3.     Helen W. Brown. Indexes of Protestant Episcopal Anglican Church Registers of Prince Georges County, 1686-1885 (Vol. 2. Westminster, MD: Heritage Books, 2006) 135.

4.     Maryland Marriage Record for Richard T. Willson and Laura Canby, April 18, 1853, Montgomery County. Jordan Dodd, Liahona Research, comp. Maryland Marriages, 1667-1899. The Generations Network, Inc., 2000. www.ancestry.com.
        Maryland Marriage Record for Zachariah Berry and Mary B. Canby, June 7, 1865, Montgomery County. Jordan Dodd, Liahona Research, comp. Maryland Marriages, 1667-1899. The Generations Network, Inc., 2000. www.ancestry.com.
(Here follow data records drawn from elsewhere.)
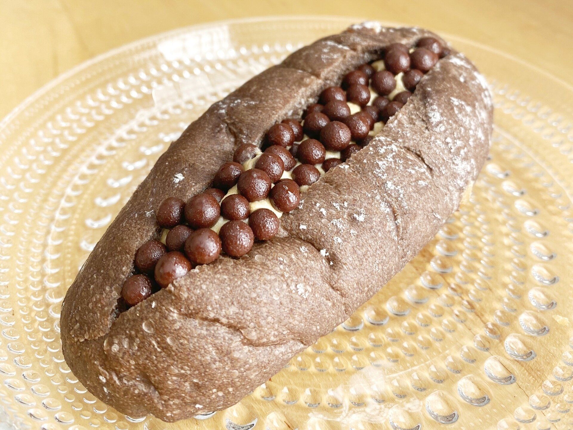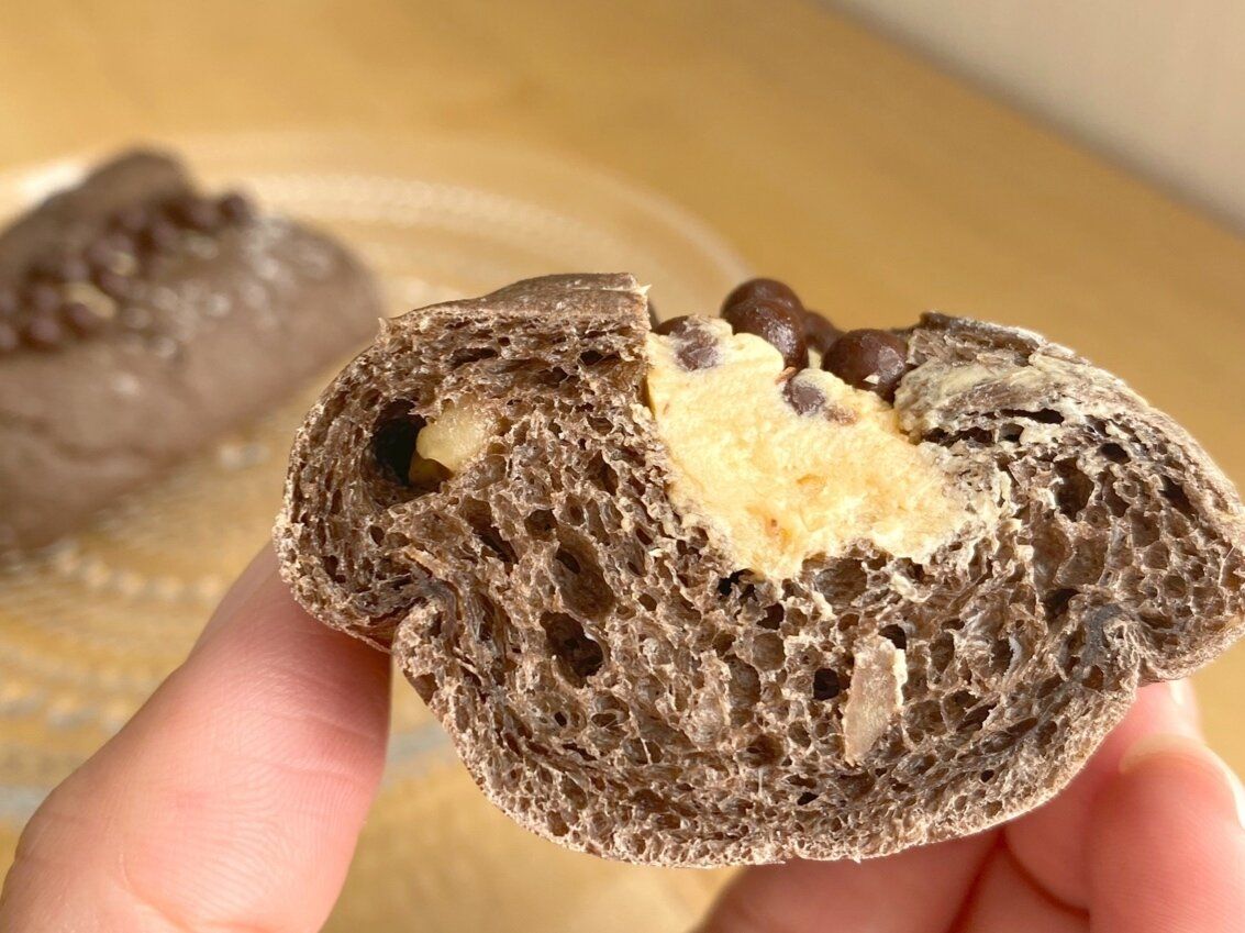 パン生地はしっかりと小麦粉の風味があり、チョコレートのビターな味わいをほんのり感じます。キャラメルクリームは甘い中にほろ苦さがあり、パールショコラの甘さと良いバランス◎。パン生地に練り込まれたクルミとパールショコラの食感がアクセントになっていて、食感とチョコレートの味わいを楽しめるパンに仕上っています。
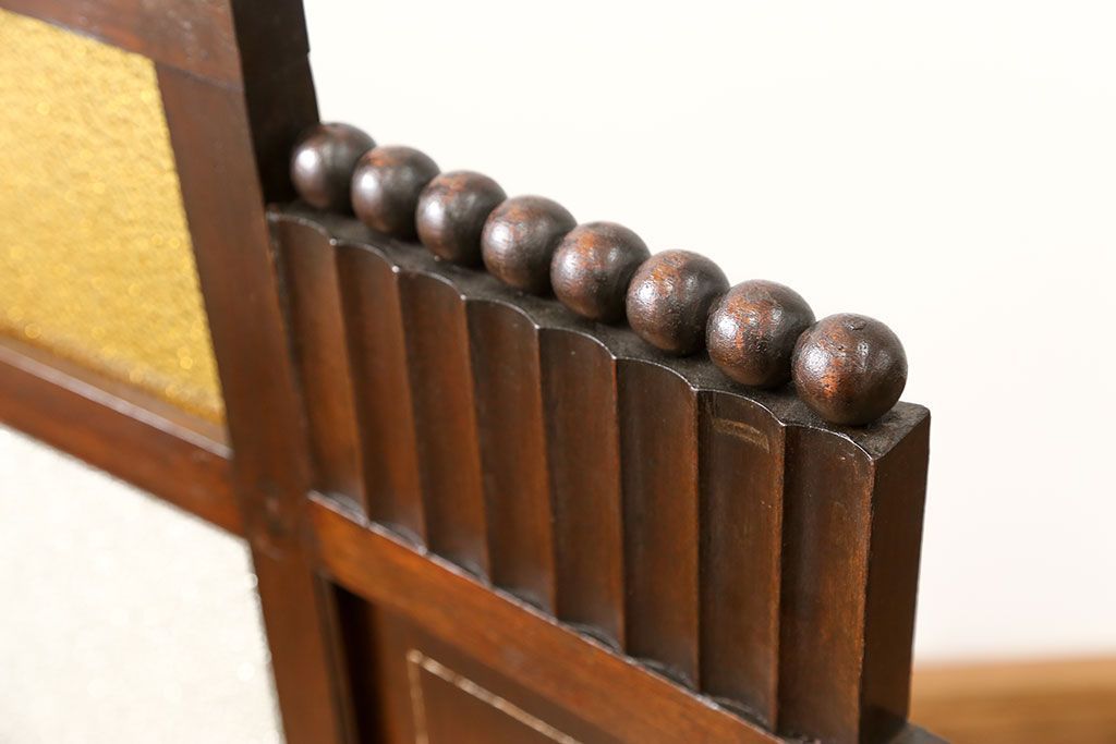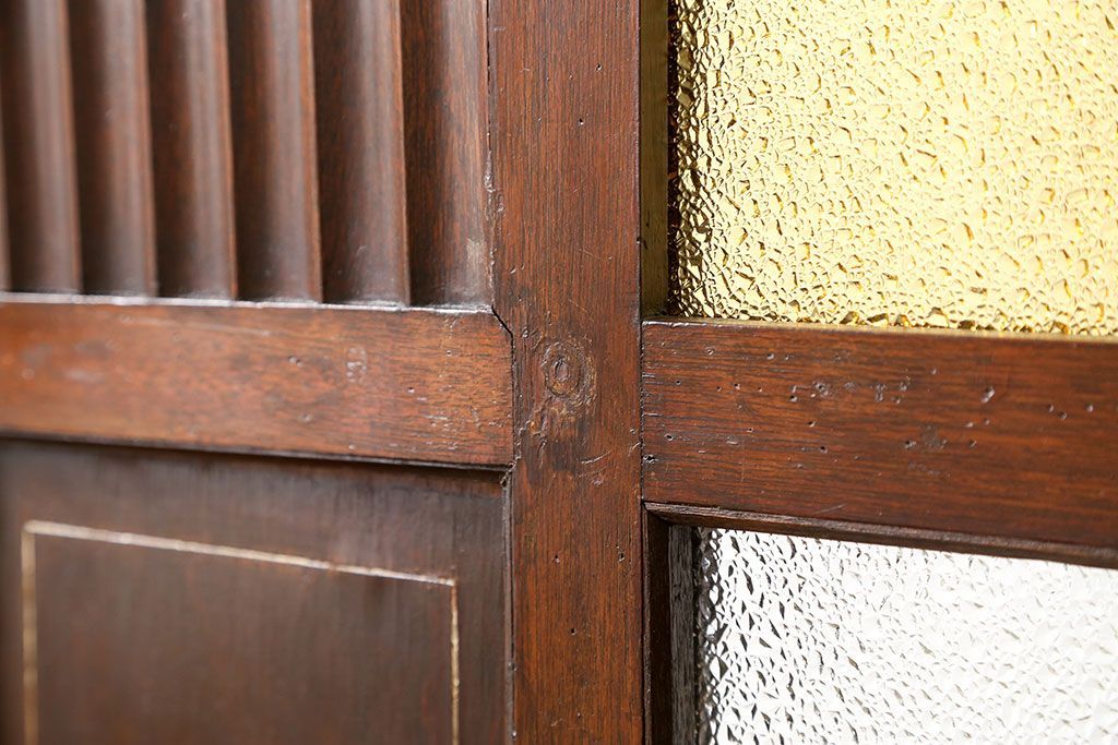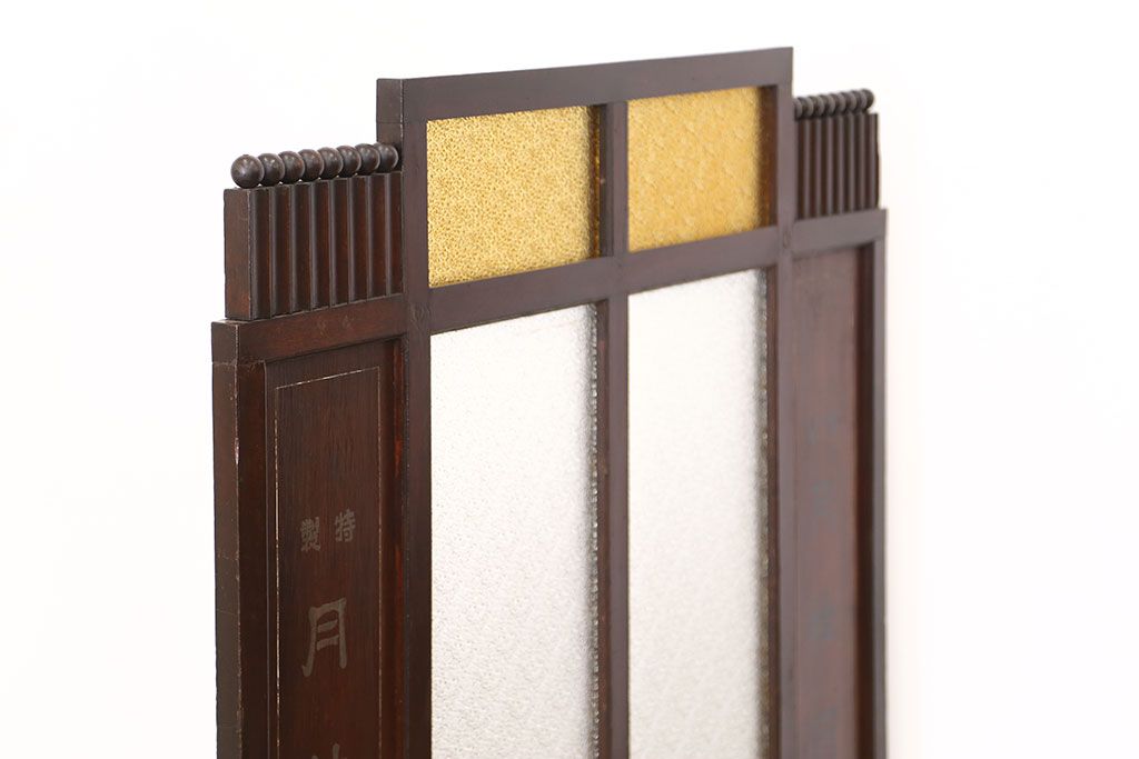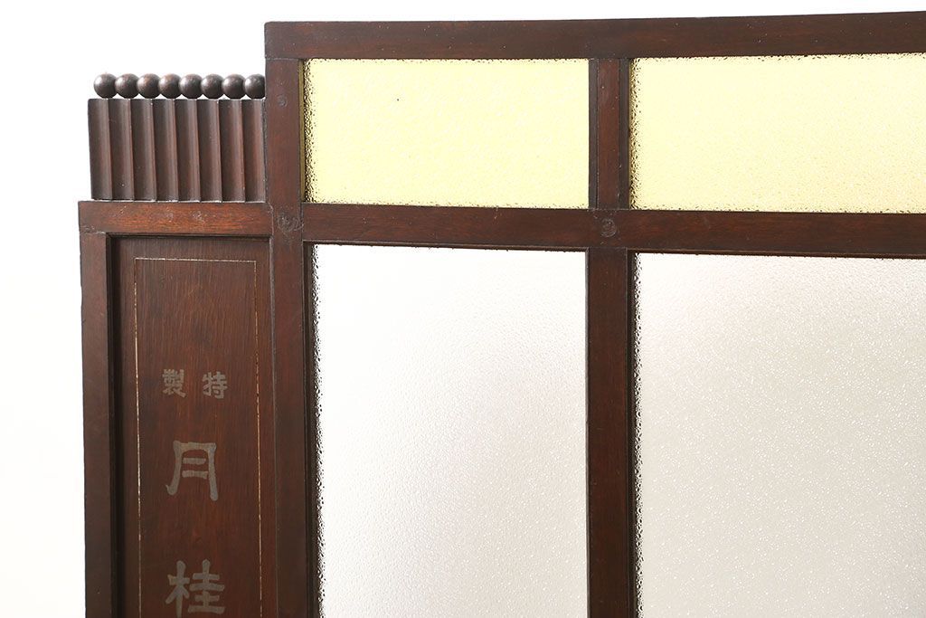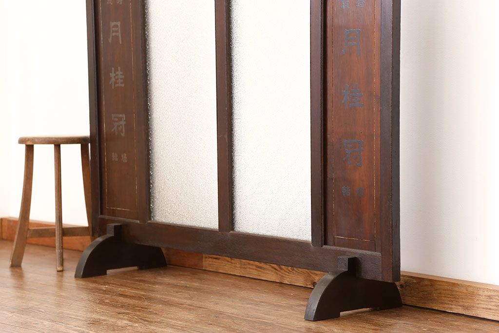 ラフジュ工房> 衝立・パーテーション > アンティーク雑貨 古い酒屋の色ガラス入りアンティーク衝立て(看板付き、ノベルティー、キリンビール)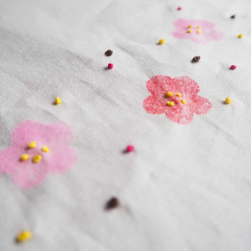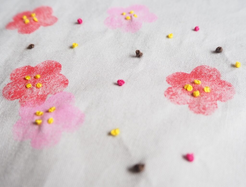 ただの玉止めですが、布に刺しゅうをするとポンポンと小さな玉が浮かび上がって、とてもかわいいのです。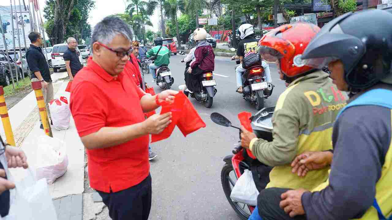 Ketua DPD PDI Perjuangan Sumsel, Dr. HM Giri Ramanda N Kiemas, SE.MM tampak membagikan paket takjil kepada pengendara-Rossa-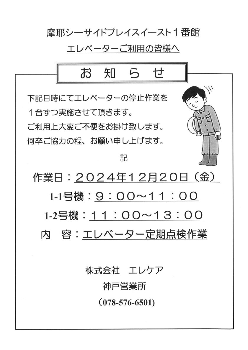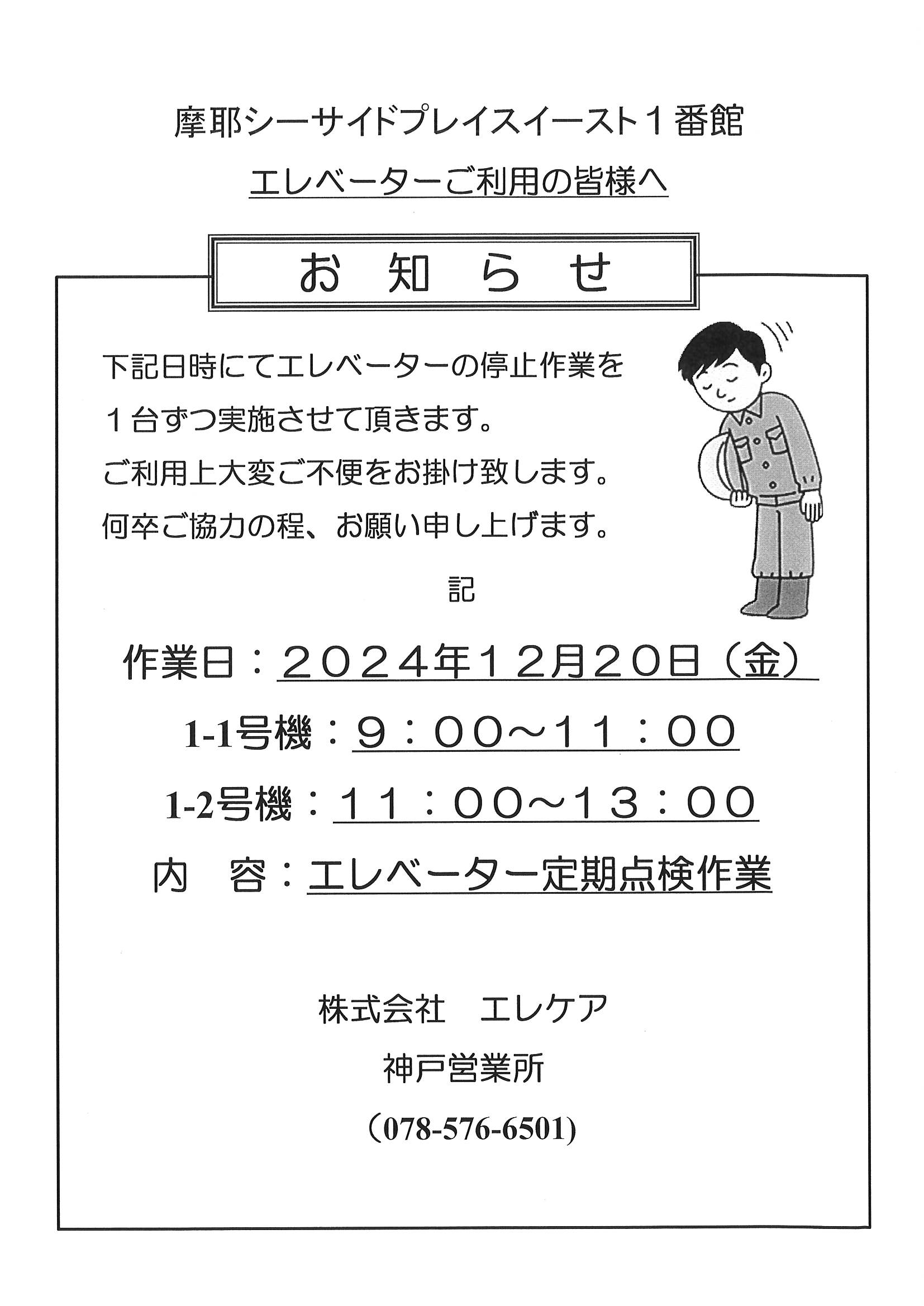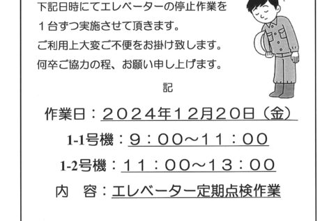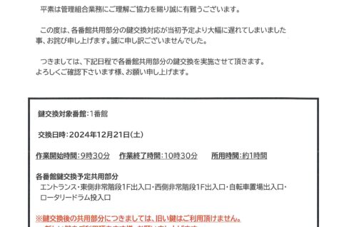12月21日9:30~1番館共用部鍵交換日程のご案内

5.     Clare Lise Cavicchi. Places from the Past: The Tradition of Gardez Bien in Montgomery County, Maryland (Silver Spring, MD: The Maryland-National Capital Park and Planning Commission: 2001) 106.

6.     MONTGOMERY COUNTY, REGISTER OF WILLS, (Wills), Liber WTR 2, Folio 312, Film Reel: CR 11968-2, [CM756-1]. Benjamin Duvall, August 7, 1856, Montgomery County. Probated March 3, 1857.

7.     U.S. Census Bureau (Census Record, MD) for D. W. Canby, 1860, Montgomery County, Berrys District, Page 81, Line 27 [MSA SM61-213, M 7223-1].

8.     MARYLAND PENITENTIARY, (Prisoner Record), 1811-1869, [MSA SE65-5]. Lewis Swan [sic], Page 59.

9.     S. Roger Keller. Crossroads of War: Washington County, Maryland, in the Civil War. (Shippenburg, PA: Burd Street Press, 1997) 138-139.

10.   "Sentenced to Fort Delaware." The Baltimore Sun 31 August 1864: 4. Baltimore Sun Historical Archive. Enoch Pratt Free Library.

11.   MONTGOMERY COUNTY, REGISTER OF WILLS, (Wills), Liber JWS 1, Film Reel: CR 43-3, [CM756-2]. Deborah W. Canby, November 3, 1864, Montgomery County. Probated December 27, 1864.